Chronicler of the Winds, By Henning Mankell, Translated, from the Swedish, by Tiina Nunnally, New Press, 233 pp., $24.95
Henning Mankell is best known to the English-speaking world as a writer whose superb crime novels spring from a profound dissatisfaction with the ways of the world. It should come as no surprise, then, that Mankell is a celebrated playwright and novelist in his native Sweden as well as in Mozambique, where he is director of Teatro Avenida.
It's his love of, and dissatisfaction with, Africa that shape his 1995 novel, ``Chronicler of the Winds," which has just been published in America by the New Press.
As in his mysteries, Mankell begins with a death -- a murder, most likely -- and as we read on, it turns out that the victim is Nelio, a 10-year-old boy. This is no whodunit, though, for Mankell is more concerned with the whys of how this leader of street kids came to be shot; the who is of marginal importance.
It also turns out that Nelio is the main character in the story as it's told by Jose Antonio Maria Vaz, a young bakery worker who flashes back to the last nine days of Nelio's life as he lies dying.

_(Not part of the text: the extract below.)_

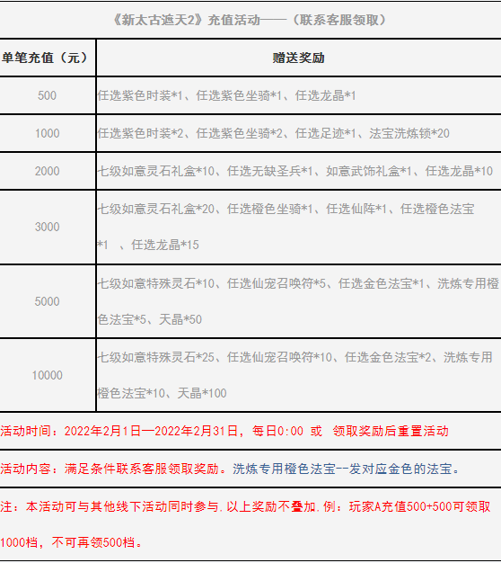 《新太古遮天2》2月限时充值活动

This is no ordinary 10-year-old, however. In fact, it would be wrong to call him a victim; part of Mankell's point is to call attention to the bravery and fortitude of a boy who would rather die than become part of a killing machine.
The story takes place in an unnamed African city where Nelio has fled during a civil war in which bandits opposed to the rebel government have massacred Nelio's fellow villagers. He's drafted by the ragtag army and ordered to kill another boy as part of his initiation. Instead, he turns the gun on the man who gave him the order and flees.
It would have been an easy matter for Mankell to make this a straightforward exposé of the ravages of civil war in Africa, yet the voice is not that of a journalist, but of a writer in search of metaphor and meaning.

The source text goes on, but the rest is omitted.